There's that book on your bedside table: it's been there for weeks. Months, even. But you still haven't gotten round to reading it. Ok, ok, you were doing your schoolwork, then you were cooking, then you just had to watch that new movie on Netflix - you're just too busy. 

Not anymore. 

Let's face it: we're in a global pandemic. We're in lockdown. You're not going anywhere, and you're not in any rush. It's just you and your house. And that book that's on your bedside table, which has been there for weeks. Months, even. 

Reading is a comfort that is suprisingly easy to provide ourselves with. Just open the book, flip the pages and you're there: in any world that you choose to be. Books can teach us how to fall down a rabbit hole and entire another world; how to receive a letter from a magic school and become a wizard; how to be deemed the perfect 19th century bride (just take it from Jane Austen) - but most of the time, they teach us a lot about ourselves. 

You might think that a book is simply an object with a few boring sentences scrawled inside, but if you thought that, you'd be wrong. Books are actually guidebooks on how to be human, written by other humans. They teach us how to love, how to forgive and how to move on. 

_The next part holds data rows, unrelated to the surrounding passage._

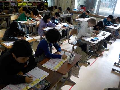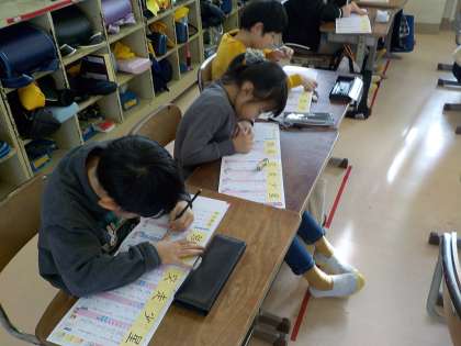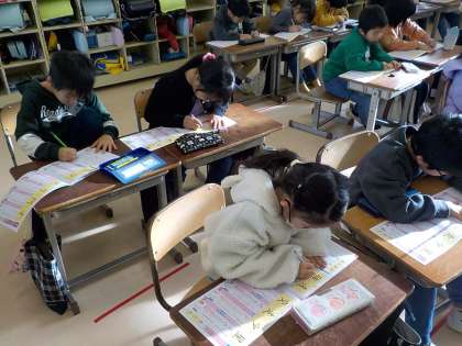 2年生は国語科で新出漢字の書き取りを行いました。筆順に気を付けて書いていました。
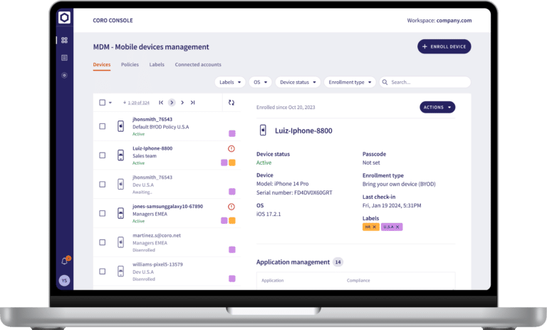 Coro’s Mobile Device Management (MDM) module simplifies the management and security of company-owned and Bring Your Own Device (BYOD) work-related mobile devices. It enables IT teams to enforce app policies, manage apps, and ensure company policy compliance. The module gives visibility into mobile devices, ensuring efficient device management across the organization.
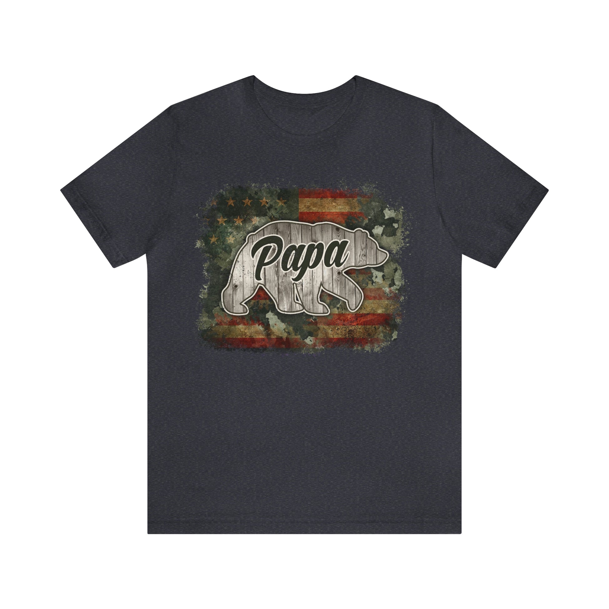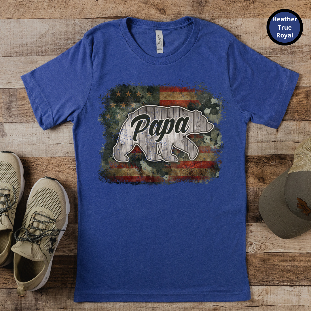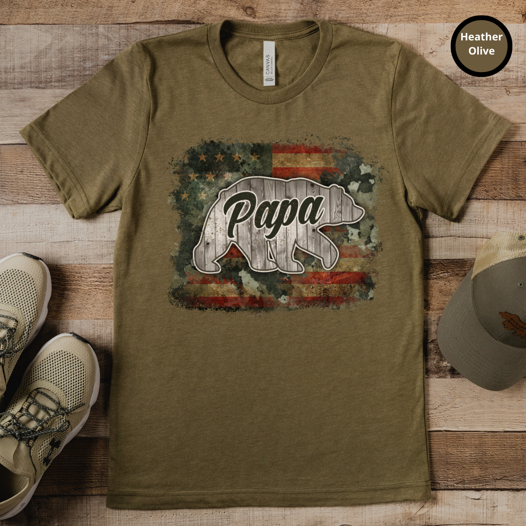 Introducing our new patriotic Papa Bear t-shirt! Featuring a positive, loving message of the American spirit and Papa Bear, this unique t-shirt provides a unique and stylish way to express your love of country and the importance of family. This shirt is 100% preshrunk cotton, giving it a comfortable feel with a durable and long-lasting design. Do your part in expressing your patriotism and pride for the USA with this timeless Papa Bear and American Flag t-shirt.
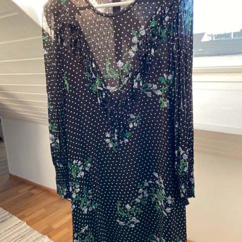 Selger kjempefin svart selskapskjole fra Ganni. Har et asymmetrisk mønster. Står ikke størrelse inni kjolen, men vil si den er en L. Ingen bruksmerker, kun brukt et par ganger. Kan sendes eller hentes i Stavanger.

Take Wuthering Heights, for example. Emily Bronte might have written the book in 1847, but I'm sure we all think of Cathy and Heathcliff when anyone says, "whatever our souls are made of, his and mine are the same". And maybe  love worked a little differently back then, but it did teach us all something pretty important: if the love of your life marries another guy, don't marry his sister just for revenge. It's not gonna work out. Just take it from Heathcliff and Isabella. 

Curling up with a good book on the sofa after hours attached to your screen doing online work is the perfect way to end the day. Switch Maths equations for Gatsby and Daisy's love life, Physics formulas for detective Philip Marlowe's adventures, and Spanish verbs for the Bennet's. 

They'll leave you closing the book with a 101 thoughts to keep you thinking for 101 days straight. They'll provide you with a distraction that is so desperately needed right about now. 

After all, as William Nicholson once said, "we read to know we're not alone".